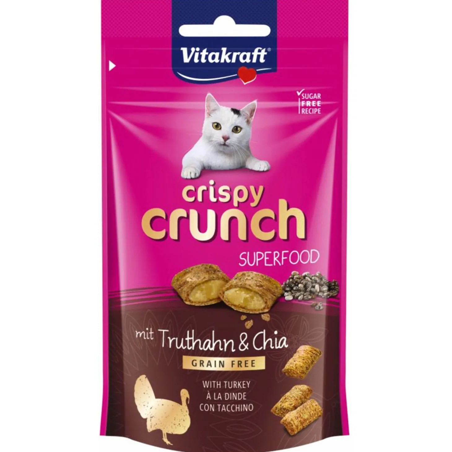 Deze onweerstaanbare Crispy Crunch snackjes van Vitakraft met een heerlijke extra smaak, daar likt je kat zijn bek voor af! Ideaal als een kleine beloning of tussendoortje. Bereid volgens een suikervrij receptuur en verpakt in een hersluitbare verpakking!
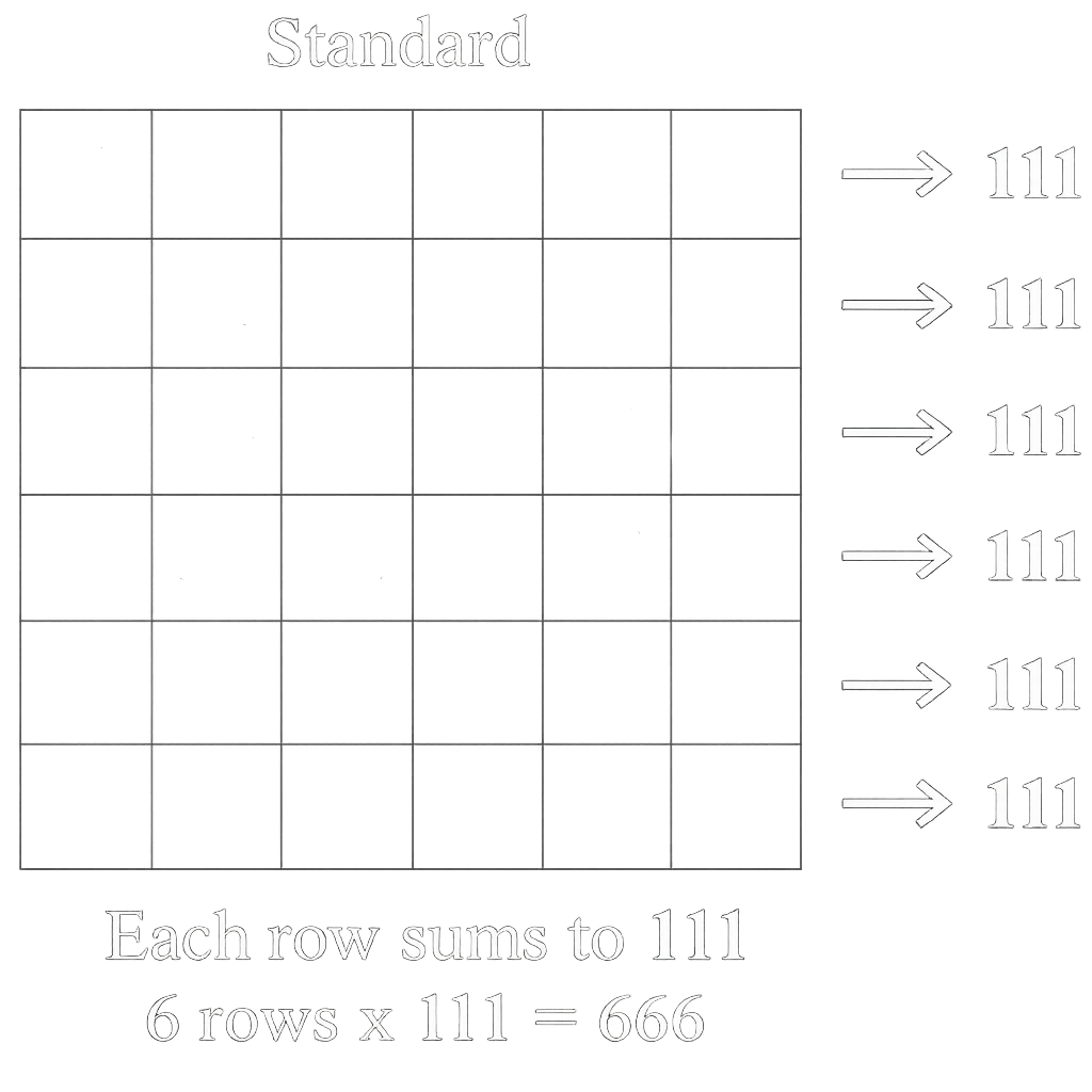 Se você somar os números verticalmente ou horizontalmente, o resultado será sempre 111 por linha. E, ao somar os totais de cada linha, chega-se ao número 666.
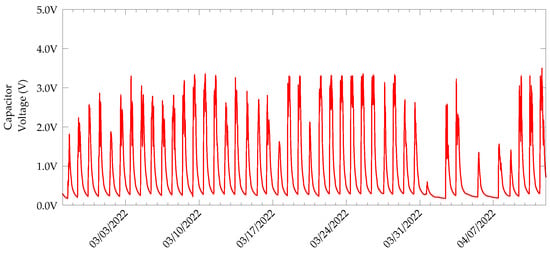 The daily charging-discharging cycles of the supercapacitor are shown in Figure 12 and those used for a single day are depicted in Figure 13. The discharge curves in the daily cycle are due to sensing and transmission unit activities, as well as the self-discharge of the supercapacitor.
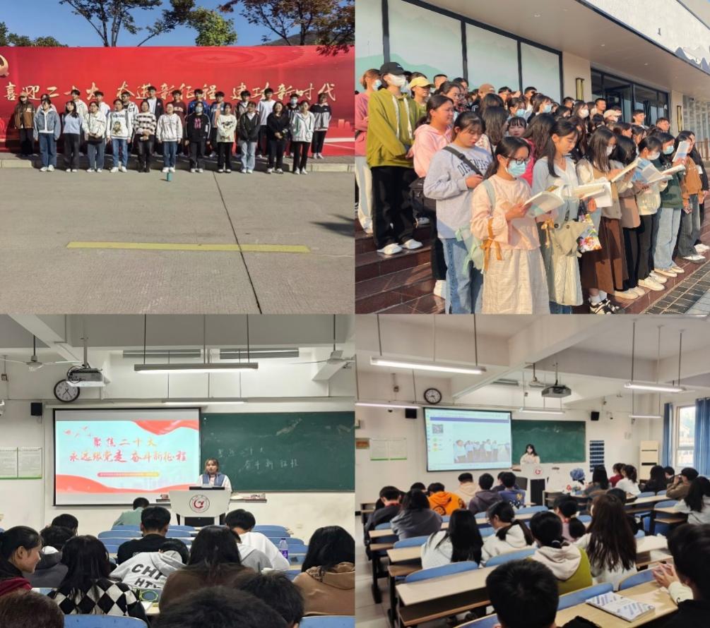 各团支部积极开展“学习二十大,永远跟党走,奋斗新征程”主题团日活动。通过重温入团誓词、读党史、诵读红色经典诗歌等活动,充分发挥组织化学习优势,带领团员青年一起学习党的二十大报告,引导广大团员青年从党的二十大精神中汲取力量。比如:22级旅游管理一班团支书以PPT形式带领班级同学学习了二十大报告的主要内容,并号召全体团员弘扬伟大建党精神,牢记初心,不忘使命,向新征程奋进;22级会展经济与管理班全体同学深情合唱了歌曲《我和我的祖国》,用美好的歌声表达了对祖国的美好祝福。

···

- ASSIGNMENT -
Print every line of the material exactly as written, but drop the pictures.

- REPLY TO THE EXERCISE -
 Deze onweerstaanbare Crispy Crunch snackjes van Vitakraft met een heerlijke extra smaak, daar likt je kat zijn bek voor af! Ideaal als een kleine beloning of tussendoortje. Bereid volgens een suikervrij receptuur en verpakt in een hersluitbare verpakking!
 Se você somar os números verticalmente ou horizontalmente, o resultado será sempre 111 por linha. E, ao somar os totais de cada linha, chega-se ao número 666.
 The daily charging-discharging cycles of the supercapacitor are shown in Figure 12 and those used for a single day are depicted in Figure 13. The discharge curves in the daily cycle are due to sensing and transmission unit activities, as well as the self-discharge of the supercapacitor.
 各团支部积极开展“学习二十大,永远跟党走,奋斗新征程”主题团日活动。通过重温入团誓词、读党史、诵读红色经典诗歌等活动,充分发挥组织化学习优势,带领团员青年一起学习党的二十大报告,引导广大团员青年从党的二十大精神中汲取力量。比如:22级旅游管理一班团支书以PPT形式带领班级同学学习了二十大报告的主要内容,并号召全体团员弘扬伟大建党精神,牢记初心,不忘使命,向新征程奋进;22级会展经济与管理班全体同学深情合唱了歌曲《我和我的祖国》,用美好的歌声表达了对祖国的美好祝福。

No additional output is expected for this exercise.